Learning to appreciate medical and health services research has for a long time been recognised as important in the professional development of the doctor. The same principles in research apply whether in a developing or developed country. There are opportunities through the Medical Research Council and Wellcome Foundation, and several British university departments have collaborative projects with universities in developing countries. Many of these posts provide overseas research opportunities from an academic unit in Britain, allowing for increased job security. Agencies such as the International Centre for Diarrhoeas Disease Research in Bangladesh have an extremely high reputation and provide opportunities for field and laboratory based research.

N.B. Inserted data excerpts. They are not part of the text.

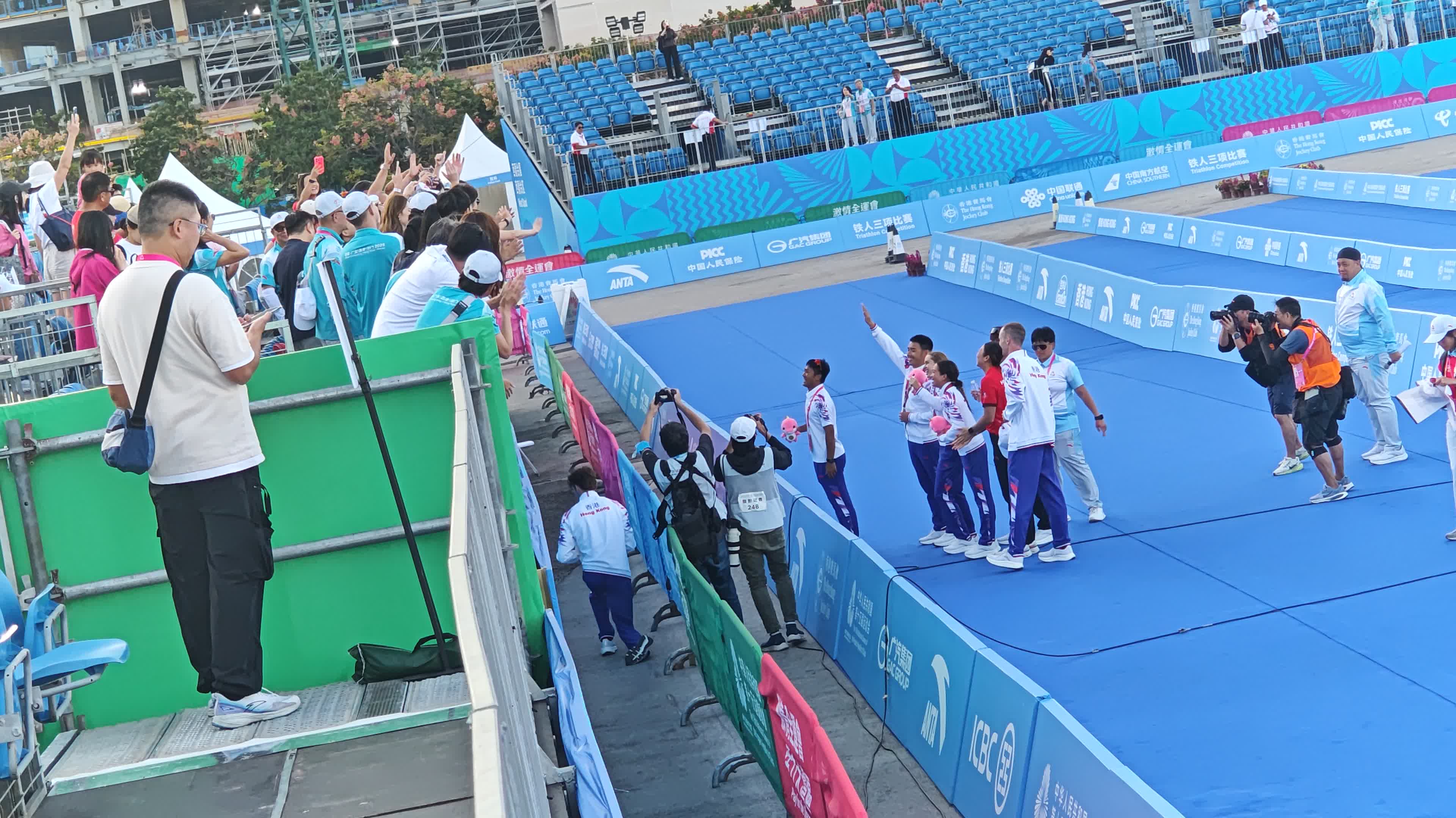 一連兩日的全運會鐵人三項賽事今日圓滿結束。在昨日的鐵人三項男子個人賽中,港將奧斯卡以1小時49分21秒的成績在比賽中勇奪銅牌,本屆全運港隊在三項鐵人項目共收獲一銀一銅。
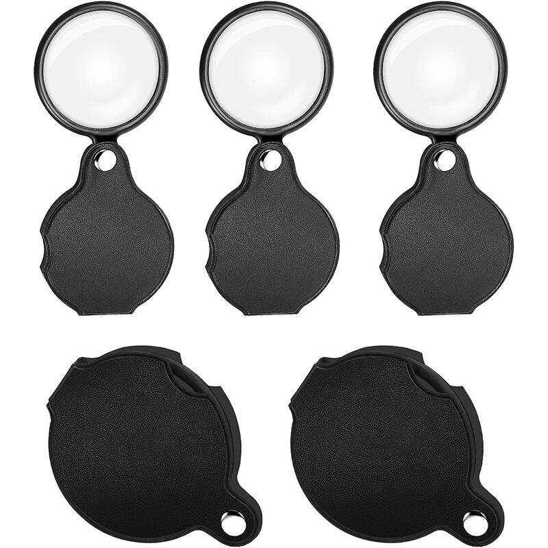 Ampia applicazione: ideale per leggere, giornali, libri, riviste, mappe, lezioni di scienze, gioielli, ispezioni, pietre, artigianato, antiquariato, stivali ecc. Materiale: attaccato a una pelle sintetica nera la custodia e la custodia interna sono realizzate in morbidissima pelle scamosciata per proteggere la lente d'ingrandimento senza lasciare graffi Comodo e portatile: dimensioni del palmo, dimensioni approssimative: 7 x 5,6 cm, facile da trasportare e utilizzare ovunque Dimensioni tascabili: 50 mm, l'obiettivo offre un ingrandimento 10x, un piccolo spazio sul lato è comodo per estrarre l'obiettivo Confezione: Confezione da 5 mini lenti di ingrandimento portatili, sufficienti per soddisfare le tue esigenze di praticità
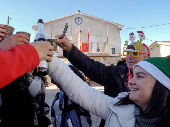En Villar de Corneja (Ávila), ya se han tomado las uvas y han dado la bienvenida al Año Nuevo aunque a 2024 todavía le quedan unas horas. A mediodía los siete vecinos que viven en el pueblo, sus familias y algunas personas que van a pasar estas fiestas alojados en sus casas rurales se han reunido en la plaza, junto al Ayuntamiento, y se han comido las tradicionales doce uvas para entrar con buen pie en 2025.
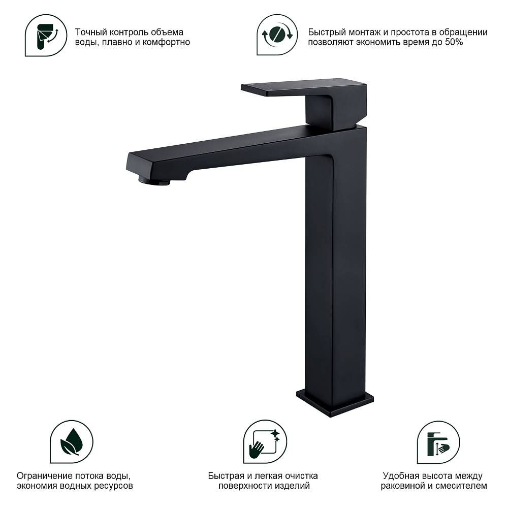 Высокий смеситель для раковины Splenka S01.15.06 чёрный купить
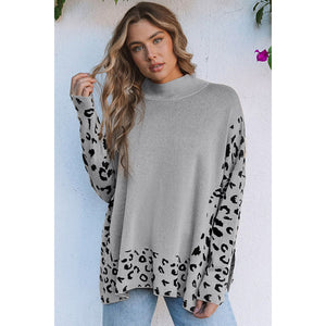 Khaki Leopard High Neck Side Slit Oversized Sweater
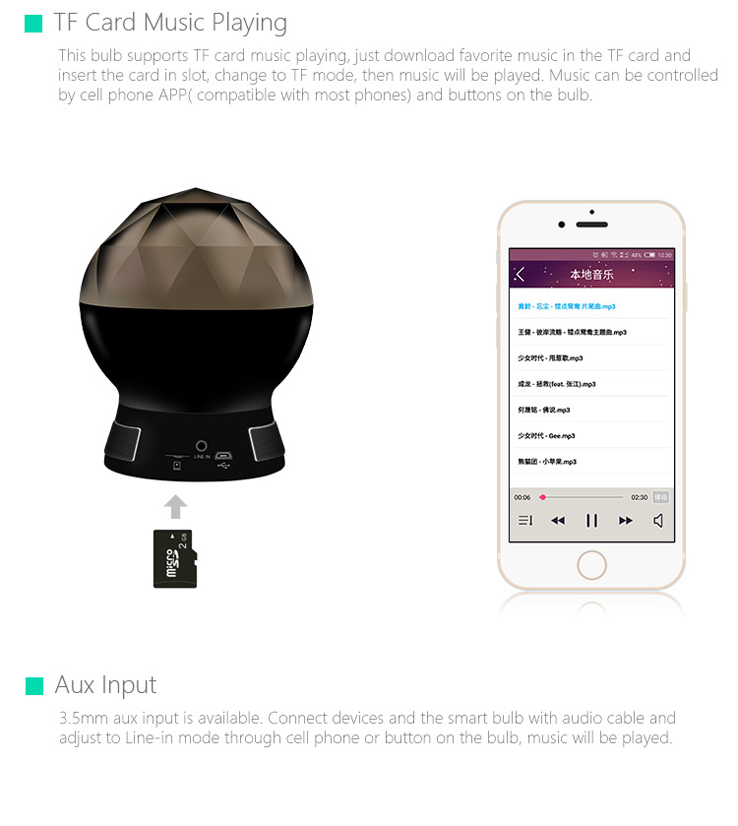 Support up to 64G TF card MP3, WMA, WAV format music player
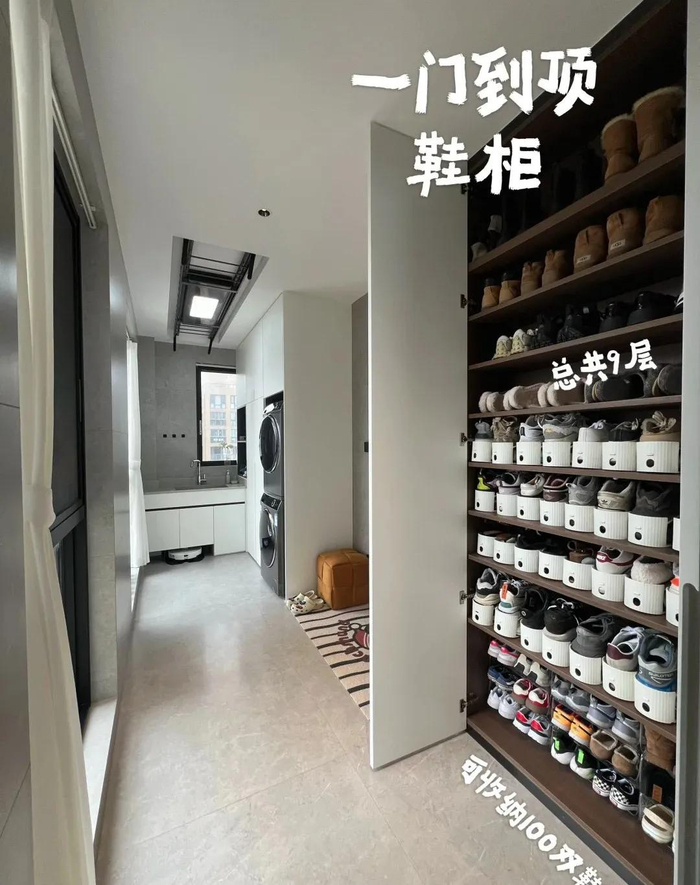 4. 阳台 “鞋子集中营”:把次阳台的一角改造成鞋收纳区,定制多层鞋柜,再配个烘鞋器,梅雨季也不用担心鞋子受潮有异味。这样既不占用公共区域,又能集中收纳全家人的鞋子。
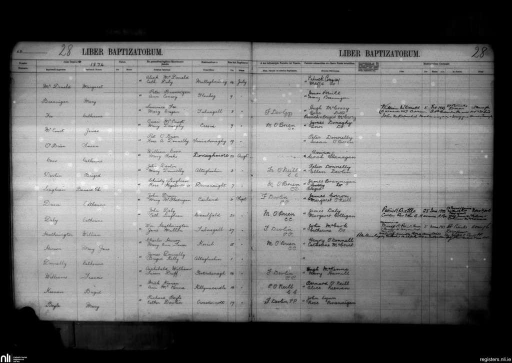 Donaghmore; County of Tyrone; Archdiocese of Armagh. Baptisms, July 1874 to Sep. 1874

Many doctors undertaking research in the UK become frustrated with its perceived lack of relevance to health care: research in developing countries is often more applied and the benefits more tangible. Doctors incorporating a spell abroad during any period of research will benefit from an additional breadth of experience. Activities in any of the above areas will benefit returnees to the NHS. Those working among ethnic minority communities will have greater understanding of both their actual and perceived needs and enhanced empathy lor the psychological issues associated with migrant and refugee communities. Work overseas will enable the health care worker to develop a greater understanding of socioeconomic and political determinants of health and consider the benefits of alternative health systems and health care initiatives.